The big trouble with the Palestinians and much of the Arab world is that extremism (or, if you insist, "evil") is not under control, as it generally is in the US and Israel. But this doesn't mean that those societies are inherently evil, or that we should never make any compromise with any of them. It means that we have to start trying to create the conditions under which consensus in those societies moves away from the extreme, where the populace will be less willing to look the other way or tacitly approve when they encounter atrocities, where extremism will pose a threat to them as well. In short, we have to give these people something they value which they might lose, we have to give the moderate less excuse to see us as evil, and we have to stop giving ourselves excuses to act out evil ourselves.

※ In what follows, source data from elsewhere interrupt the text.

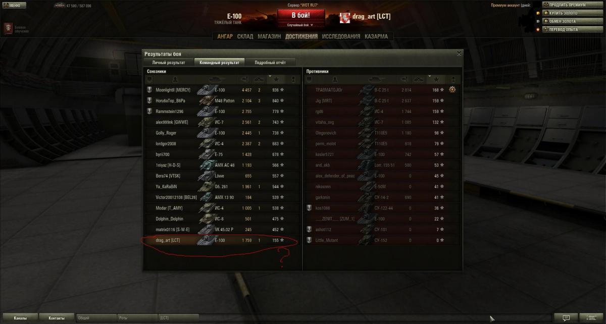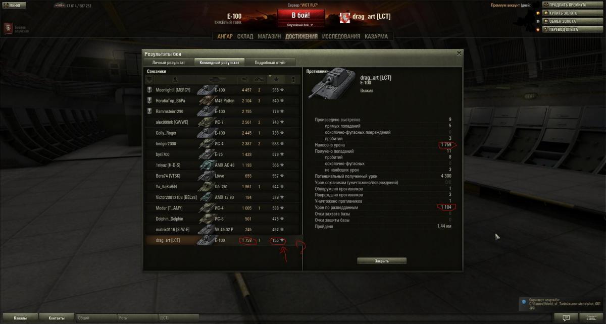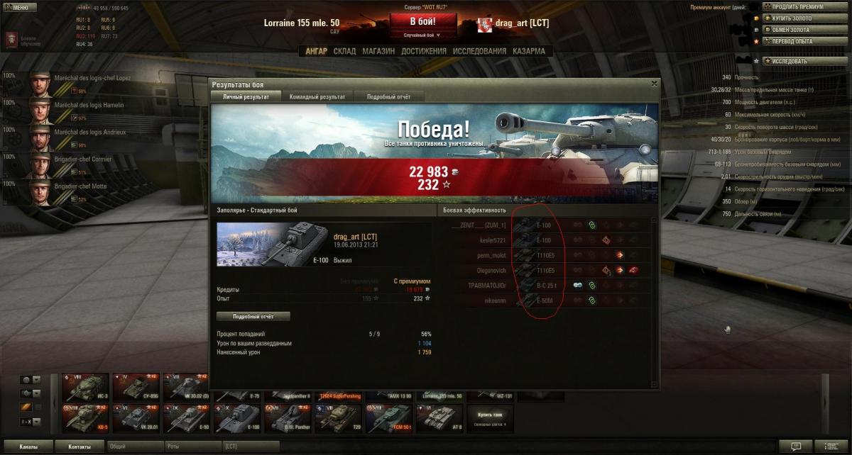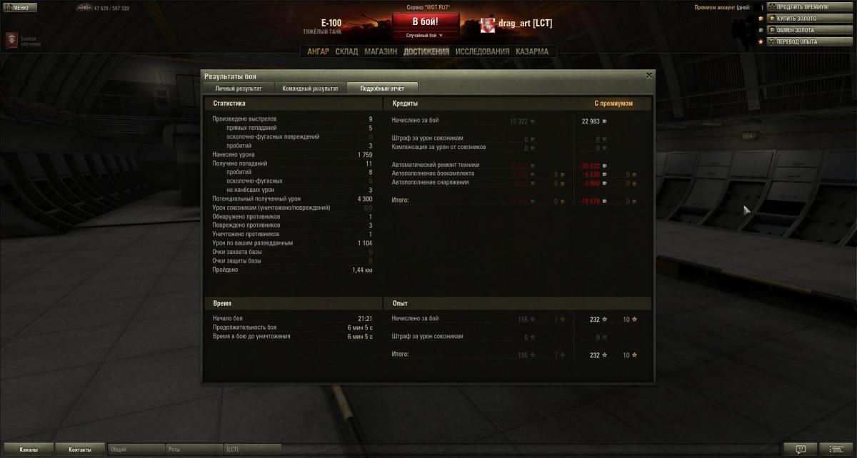 Бой на е100. В течение боя мною было нанесено 1759 урона и 1104 по разведданным. Моя команда побеждает в нём. За победу начислили всего лишь 22983 серебра (с премиум аккаунтом) и 232 опыта (155 чистыми). Возникает вопрос, почему же так мало? Конечно, не сногшибательные показатели, лично для меня бой был не очень удачным, однако такое малое количество кредитов и опыта за такие действия я считаю слишком малыми. Возможно, в игре баг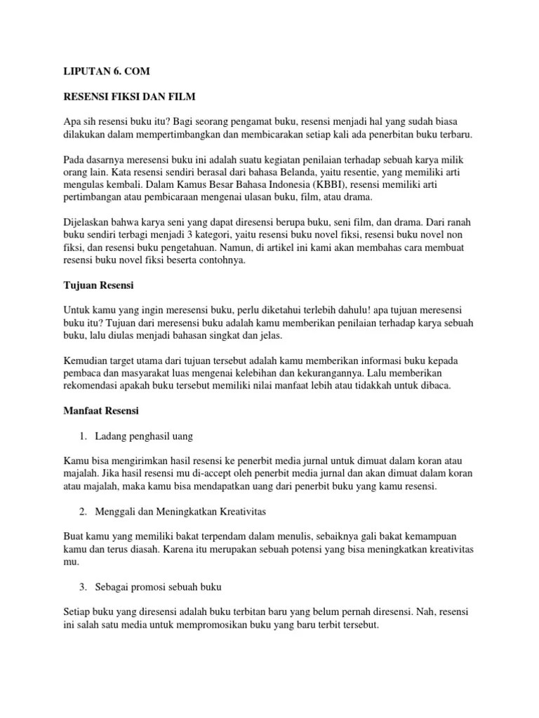Sebenarnya enggak cuma kitab saja yang dapat diresensikan, quipperian tapi dapat juga berupa karya seni film dan drama. Bisa berupa buku, film, drama, dan sebagainya. Sinopsis merupakan ringkasan cerita dengan mengutamakan alur atau plot yang tepat dan menarik dari suatu cerpen, novel, atau drama. Hasil proses meresensi buku itu disebut resensi buku. Dadan sutisna hujan ngecrek ti beurang kénéh.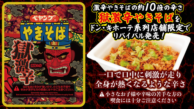 「ペヤング激辛」の約10倍辛い、あの「獄激辛」が帰ってきた! 「ペヤング 獄激辛やきそば」がドン・キホーテ系列店舗限定でリバイバル販売~「一口で口中に刺激が走り、全身が熱くなるような辛さ」

Our problem, though, is not our failure to acknowledge evil, it is the fact that we use it too much. We use the word evil when we want to leave our own motives unexamined; we use it when we want to ignore the legitimate grievances of others; and we use it when we want to justify our own evil acts.
I am far, far from saying that America is itself "Evil." I think that would be a stupid thing to say regardless of what we might be doing. I think we are the "good guys." I, for one, love this country enough that I do not have to lie and obfuscate to justify that love--I can love us imperfect as we are. But I think nothing is gained by idealizing either ourselves or our enemies. Let's have a cold honest look at ourselves and our situation and do what's needed to win. And let us, please, dispense with the childish need for unambiguous heroes and unambiguous villains so long and so assiduously cultivated in us by Mr. Spielberg and his Hollywood colleagues.
Mr. Brooks, it's time to grow up, forget about the boogie man, and face up to the ugly task of fighting a real, human conflict. It's time to let "evil" be a greater part of our private reflections and a much lesser part of our sometimes fatuous public discourse on the war.